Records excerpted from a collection

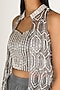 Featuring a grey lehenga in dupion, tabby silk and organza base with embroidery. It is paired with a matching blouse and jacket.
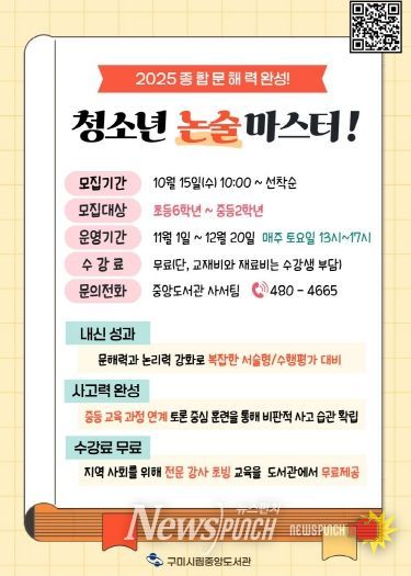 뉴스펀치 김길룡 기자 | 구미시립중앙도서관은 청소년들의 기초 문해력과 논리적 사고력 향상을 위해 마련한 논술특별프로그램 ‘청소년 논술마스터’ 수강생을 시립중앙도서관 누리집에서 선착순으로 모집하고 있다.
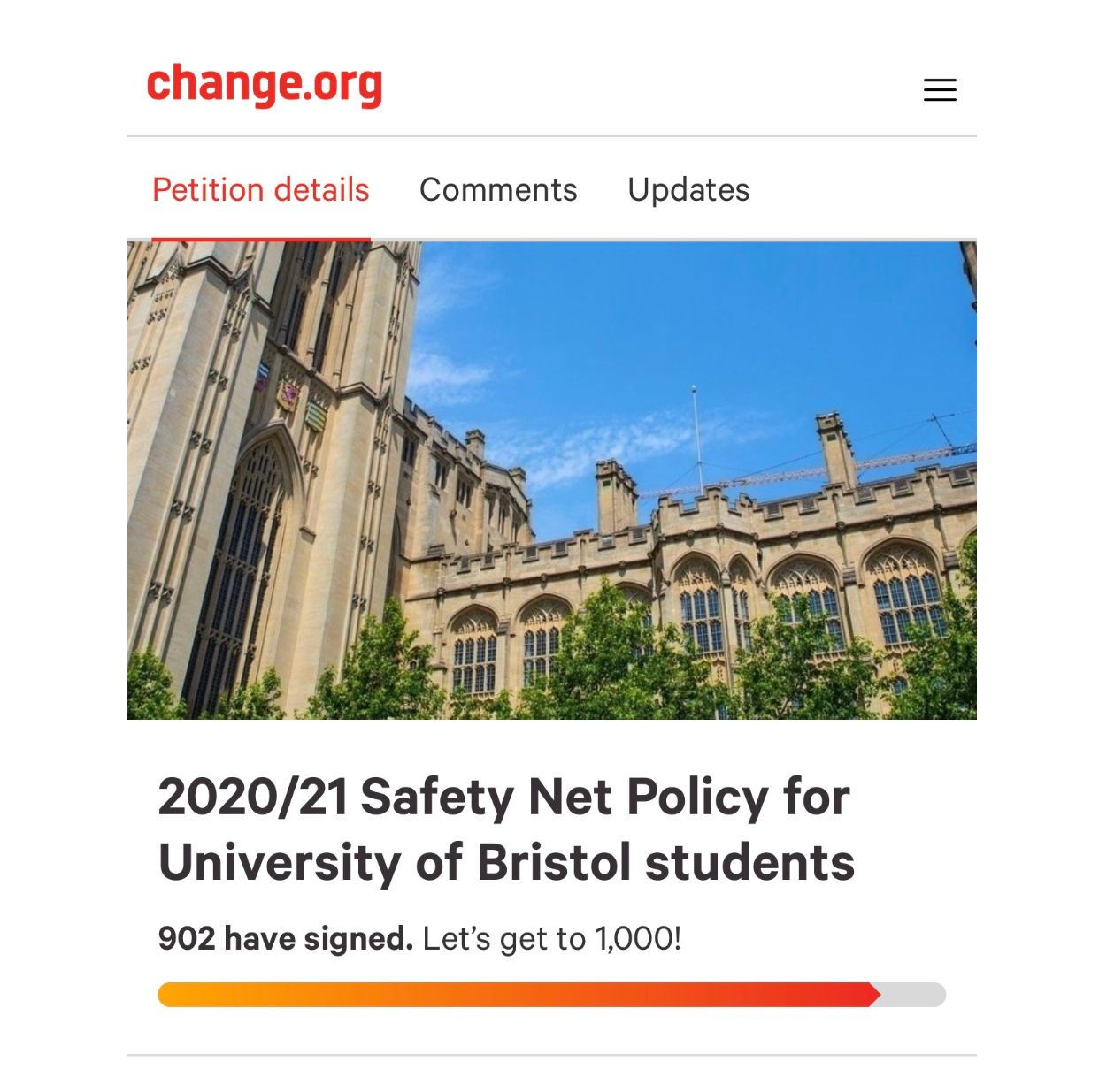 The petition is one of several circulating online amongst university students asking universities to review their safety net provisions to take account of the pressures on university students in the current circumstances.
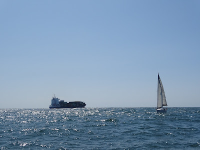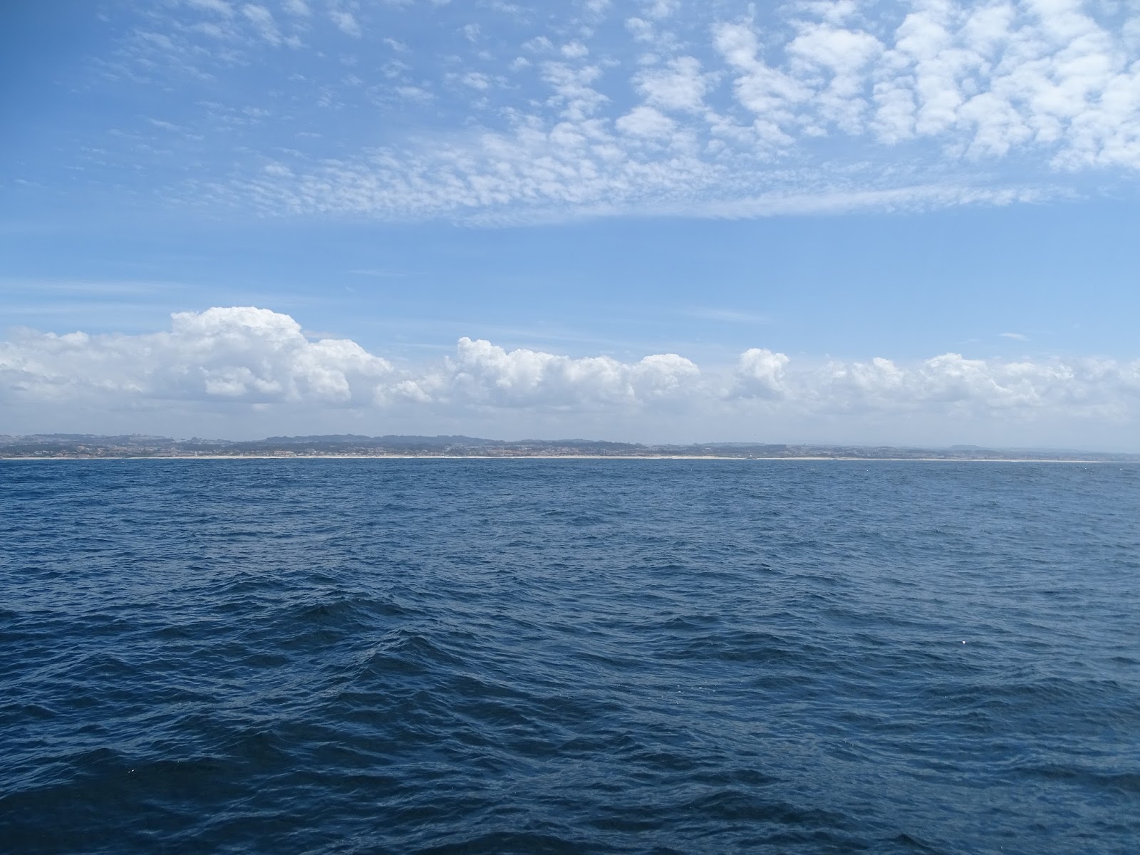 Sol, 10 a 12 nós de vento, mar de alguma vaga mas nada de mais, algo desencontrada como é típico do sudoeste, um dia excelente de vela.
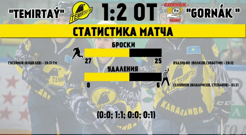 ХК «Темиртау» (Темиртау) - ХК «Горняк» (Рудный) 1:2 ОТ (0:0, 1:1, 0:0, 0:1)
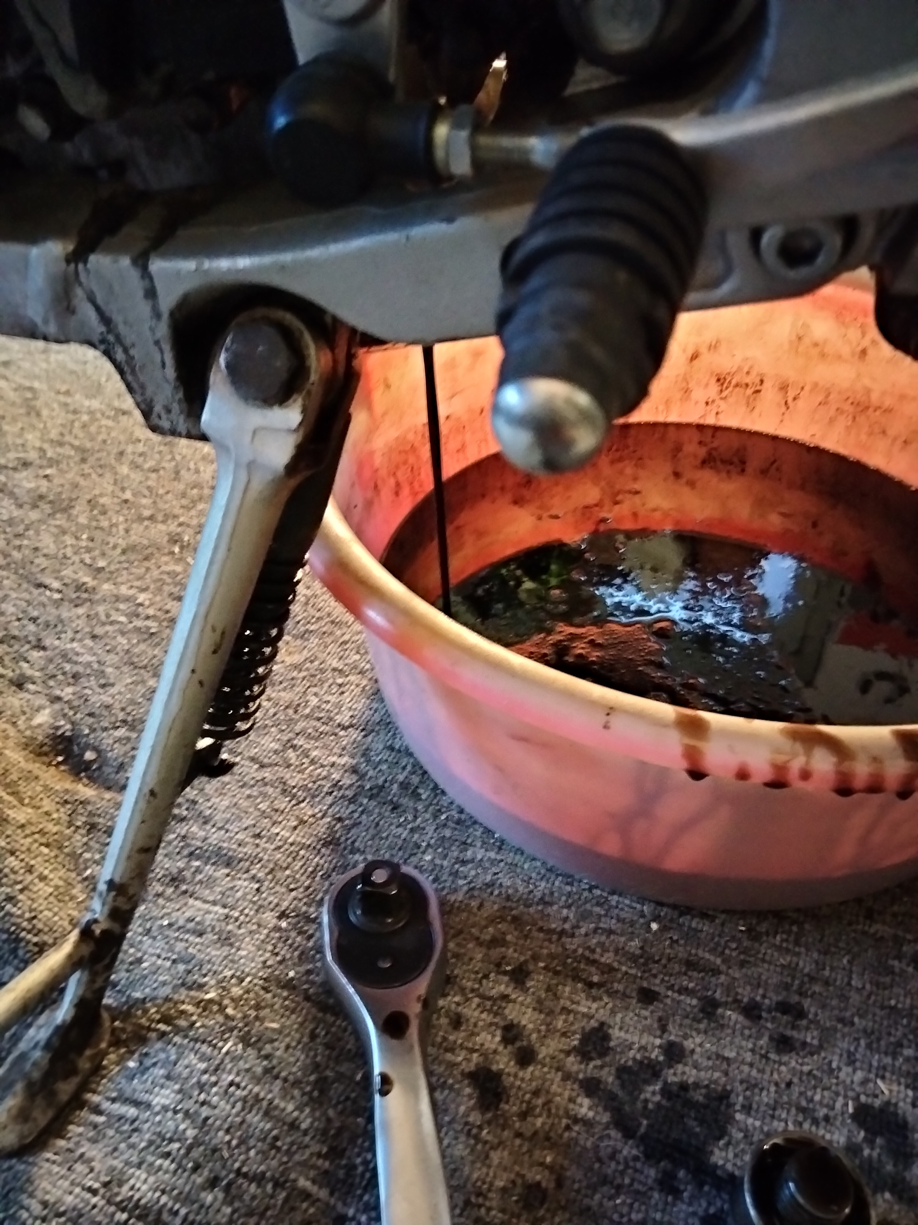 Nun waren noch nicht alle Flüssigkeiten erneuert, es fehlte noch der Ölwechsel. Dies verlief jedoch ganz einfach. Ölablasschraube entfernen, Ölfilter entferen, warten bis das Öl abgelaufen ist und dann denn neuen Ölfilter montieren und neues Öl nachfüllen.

- Required action:
Restate each line of the records exactly; pictures do not belong in the copy.

- Exercise response:
 Featuring a grey lehenga in dupion, tabby silk and organza base with embroidery. It is paired with a matching blouse and jacket.
 뉴스펀치 김길룡 기자 | 구미시립중앙도서관은 청소년들의 기초 문해력과 논리적 사고력 향상을 위해 마련한 논술특별프로그램 ‘청소년 논술마스터’ 수강생을 시립중앙도서관 누리집에서 선착순으로 모집하고 있다.
 The petition is one of several circulating online amongst university students asking universities to review their safety net provisions to take account of the pressures on university students in the current circumstances.
 Sol, 10 a 12 nós de vento, mar de alguma vaga mas nada de mais, algo desencontrada como é típico do sudoeste, um dia excelente de vela.
 ХК «Темиртау» (Темиртау) - ХК «Горняк» (Рудный) 1:2 ОТ (0:0, 1:1, 0:0, 0:1)
 Nun waren noch nicht alle Flüssigkeiten erneuert, es fehlte noch der Ölwechsel. Dies verlief jedoch ganz einfach. Ölablasschraube entfernen, Ölfilter entferen, warten bis das Öl abgelaufen ist und dann denn neuen Ölfilter montieren und neues Öl nachfüllen.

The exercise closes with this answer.